Determining the location in the memory of data / instructions to be processed by the processor;
Directing the cache to the address of the memory location;
Fetching the contents of the memory locations and writing them into the cache;
Assigning a task to process the data / instruction to the processor;
A method comprising:

The method according to claim 1, wherein the processor (10) is a network processor and the processed data is in a header of a data packet received by the infrastructure (18).

The external source is a scheduler (26) directly connected to the cache in the processor (10), which determines the location in the memory (14) of data / instructions to be processed, and The method of claim 2, wherein an address is indicated directly to the cache.

The method of claim 3, wherein the scheduler (26) determines the location of the data / instruction in the memory (14) by calculating the address.
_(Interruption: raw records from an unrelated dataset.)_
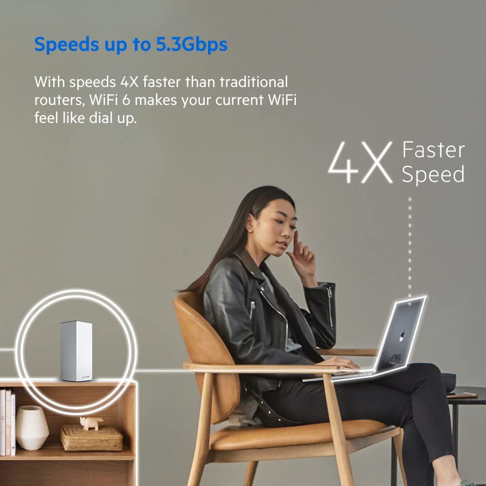 Offering exceptional speed, coverage, and capacity, the Linksys MX5300 Velop Whole Home Mesh WiFi 6 (AX) System is the next generation of WiFi. This Mesh WiFi system combines Velop's Intelligent Mesh technology with WiFi 6 to deliver true gigabit WiFi speeds, up to 5.3 Gbps to every corner of your home, including outdoor areas. Capable of sending and receiving multiple streams of data simultaneously, WiFi 6 (AX) has four times the capacity of WiFi 5 (AC) technology. The Velop WiFi 6 Tri-Band series can handle 50+ devices, so laptops, televisions, smart-home systems, and more can all operate simultaneously with ease. Featuring BSS technology, this Mesh Wifi system minimises congestion by eliminating interference from nearby wireless networks in order to deliver a strong, clear wireless signal to your home. The MX5300 is part of Velop's modular system, which means increasing your coverage is as simple as adding another node. And with the Linksys App, setting up your system is fast and easy, so you can enjoy the next evolution of WiFi in a matter of minutes.
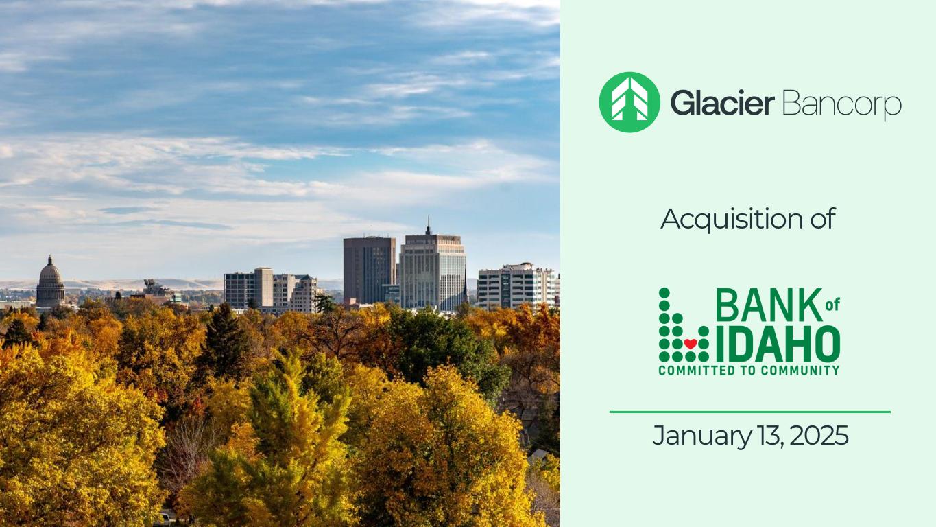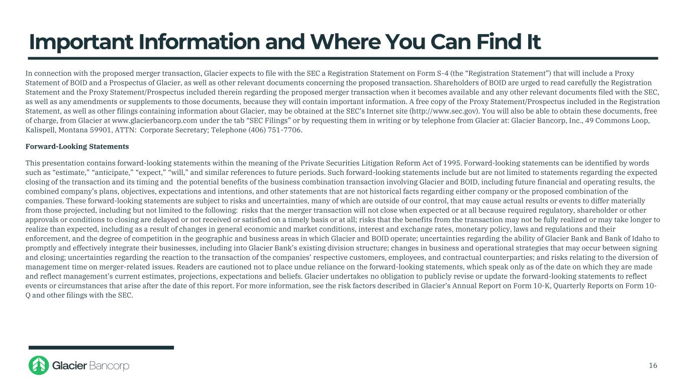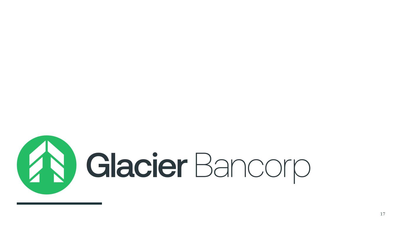 重要信息以及在哪里可以找到16关于拟议的合并交易,Glacier预计将向SEC提交一份表格S-4的注册声明(“注册声明”),其中将包括BOID的代理声明和Glacier的招股说明书,以及与拟议交易有关的其他相关文件。BOID的股东被敦促仔细阅读注册声明和其中包含的关于拟议合并交易的代理声明/招股说明书,当它可获得时,以及向SEC提交的任何其他相关文件,以及对这些文件的任何修订或补充,因为它们将包含重要信息。可在SEC的网站(http://www.sec.gov)上免费获得注册声明中包含的代理声明/招股说明书的副本,以及包含有关Glacier信息的其他文件。您还可以在www.glacierbancorp.com的“SEC文件”标签下从Glacier免费获取这些文件,或者通过以下地址向Glacier提出书面要求或电话索取这些文件:Glacier Bancorp, Inc.,49 Commons Loop,Kalispell,Montana 59901,ATTN:公司秘书;电话(406)751-7706。前瞻性陈述本演示文稿包含1995年《私人证券诉讼改革法案》含义内的前瞻性陈述。前瞻性陈述可以通过“估计”、“预期”、“预期”、“将”等词语以及对未来期间的类似提及来识别。此类前瞻性陈述包括但不限于有关交易预期完成及其时间的陈述以及涉及Glacier和BOID的业务合并交易的潜在利益,包括未来的财务和经营业绩、合并后公司的计划、目标、期望和意图,以及关于任何一家公司或拟议的公司合并的其他非历史事实的陈述。这些前瞻性陈述受到风险和不确定性的影响,其中许多风险和不确定性超出我们的控制范围,可能导致实际结果或事件与预测的结果或事件存在重大差异,包括但不限于:由于所需的监管、股东或其他批准或完成的条件被延迟或未及时或根本未收到或满足,合并交易将无法在预期时或根本无法完成的风险;交易收益可能无法完全实现或可能需要比预期更长的时间才能实现的风险,包括由于一般经济和市场条件、利率和汇率、货币政策、法律法规及其执行情况的变化,以及Glacier和BOID经营所在的地理和业务领域的竞争程度;有关Glacier Bank和Bank of Idaho迅速有效整合其业务的能力的不确定性,包括纳入Glacier Bank现有的部门结构;在签署和关闭之间可能发生的业务和运营战略的变化;有关公司各自客户、员工对交易的反应的不确定性,和合同对手方;以及与合并相关问题的管理时间分流有关的风险。告诫读者不要过分依赖前瞻性陈述,这些陈述仅代表作出这些陈述之日的情况,反映了管理层目前的估计、预测、期望和信念。Glacier不承担公开修改或更新前瞻性陈述以反映本报告日期之后发生的事件或情况的义务。有关更多信息,请参阅Glacier的10-K表格年度报告、10-Q表格季度报告以及向SEC提交的其他文件中描述的风险因素。
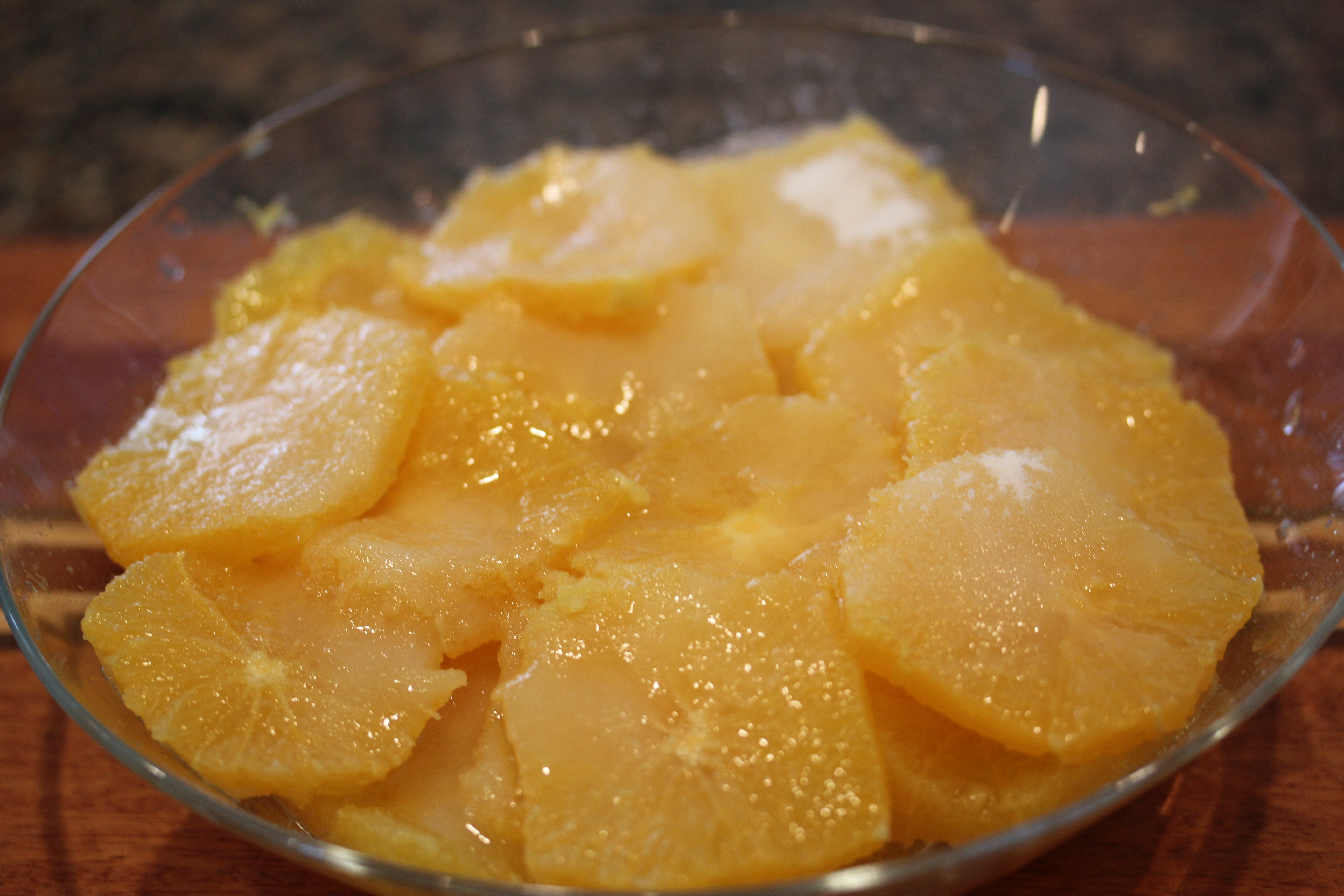 Sprinkle the sugar on the orange slices and gently stir until it is blended.

The step of assigning a task to process the prefetched data / instruction is characterized by interrupting processing of a previous packet and starting processing a new packet having a higher priority than the previous packet. Item 5. The method according to any one of Items 2 to 4.

The cache according to any one of claims 3 to 5, wherein the cache is associated with a cache controller that fetches the contents of the memory locations whose addresses are determined by the scheduler (26) and writes them into the cache. The method described in 1.

A processor local bus (PLB) is used by the processor (10) and the scheduler (26), which monitors the bus and observes exactly when the data returns from the memory (14). 6. The method of claim 5, wherein the processor is interrupted after determining completion of the data cache fetch.

Infrastructure structure (18) having an input interface (20) for receiving data / instructions processed by the infrastructure structure and an output interface (22) for transmitting data after being processed And a memory (14) for storing data / instructions as they are received by the input interface, and a processor (10) for processing at least a portion of the data / instructions A system for prefetching data / instructions associated with externally triggered events, wherein the processor stores a cache prior to processing the data / instructions and an external source for assigning sequential tasks to the processor (26)
The system comprises means that are performed while the processor is performing previous tasks, i.e.
Means for determining a location in the memory of data / instructions to be processed by the processor;
Means for indicating the address of the memory location to the cache;
Means for fetching the contents of the memory locations and writing them into the cache;
Means for assigning a task to process the data / instruction to the processor;
A system comprising:

The system of claim 8, wherein the processor (10) is a network processor and the data to be processed is in a header of a data packet received by the infrastructure (18).

The external source is a scheduler (26) directly connected to the cache in the processor (10), which determines the location in the memory (14) of data / instructions to be processed, and The system of claim 9, wherein an address is indicated directly to the cache.

The system of claim 10, wherein the scheduler (26) determines the location of the data / instruction in the memory (14) by calculating the address.

The means for assigning a task to process the prefetched data / instruction interrupts processing of a previous packet and starts processing a new packet having a higher priority than the previous packet. Item 12. The system according to any one of Items 9 to 11.

14. The cache according to any one of claims 11 to 13, wherein the cache is associated with a cache controller that fetches the contents of the memory locations whose addresses are determined by the scheduler (26) and writes them into the cache. The system described in.

A processor local bus (PLB) is used by the processor (10) and the scheduler (26), which monitors the bus and observes when the data returns from the memory (14). 13. The system of claim 12, wherein the processor is interrupted after determining completion of the data cache fetch.